# DESCRIPTION OF THE TASK
Print the data verbatim. Leave every image out.

# SUPPLIED DATA

#####

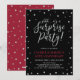 Célébrez votre jour spécial avec ce modèle d'invitation de fête moderne et élégant. Ce design présente des confettis argentés brillants avec un thème de couleur noir et rubis.
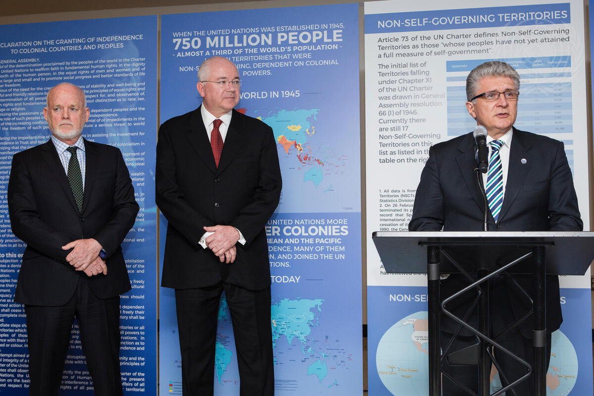 Miroslav Jenca, Assistant Secretary-General for Political Affairs (right), makes remarks during the opening, while Rafael Darío Ramírez Carreño, Permanent Representative of Venezuela to the UN and Chair of the Special Committee on Decolonization (centre); and Peter Thomson, President of the seventy-first session of the General Assembly, look on.
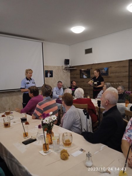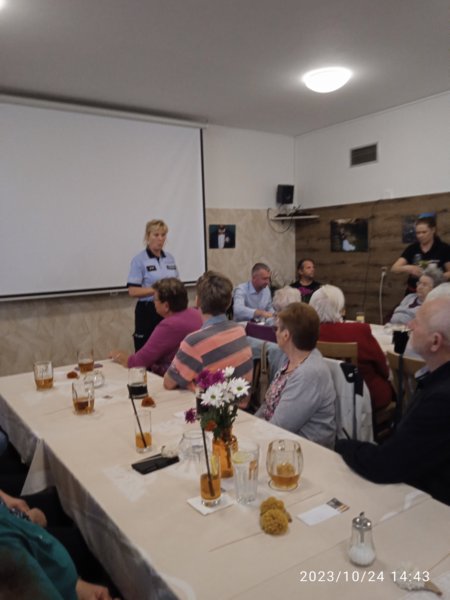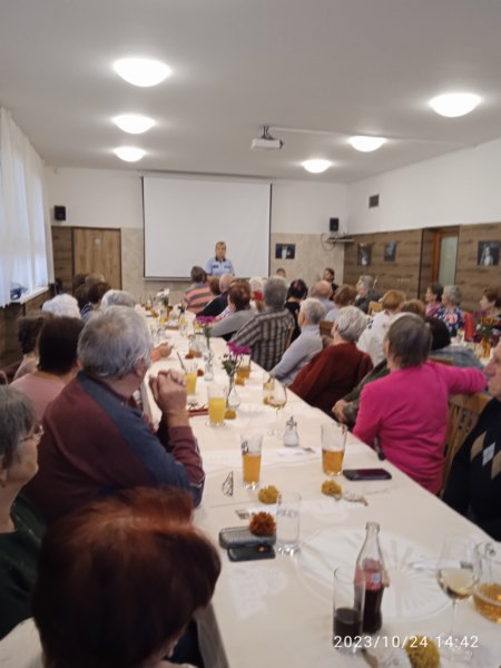 Na besedě s důchodci vystoupili žáci místní MŠ a ZUŠ, por. Mgr. Alice Musilová nás seznámila s riziky chování na internetu a starosta obce Mgr. Vlastimil Smékal s dalším rozvojem obce, nakonec jsem si připomněli akce v Pustiměři, které proběhly od minulého setkání.

#####

# SOLUTION TO THIS TASK
 Célébrez votre jour spécial avec ce modèle d'invitation de fête moderne et élégant. Ce design présente des confettis argentés brillants avec un thème de couleur noir et rubis.
 Miroslav Jenca, Assistant Secretary-General for Political Affairs (right), makes remarks during the opening, while Rafael Darío Ramírez Carreño, Permanent Representative of Venezuela to the UN and Chair of the Special Committee on Decolonization (centre); and Peter Thomson, President of the seventy-first session of the General Assembly, look on.
 Na besedě s důchodci vystoupili žáci místní MŠ a ZUŠ, por. Mgr. Alice Musilová nás seznámila s riziky chování na internetu a starosta obce Mgr. Vlastimil Smékal s dalším rozvojem obce, nakonec jsem si připomněli akce v Pustiměři, které proběhly od minulého setkání.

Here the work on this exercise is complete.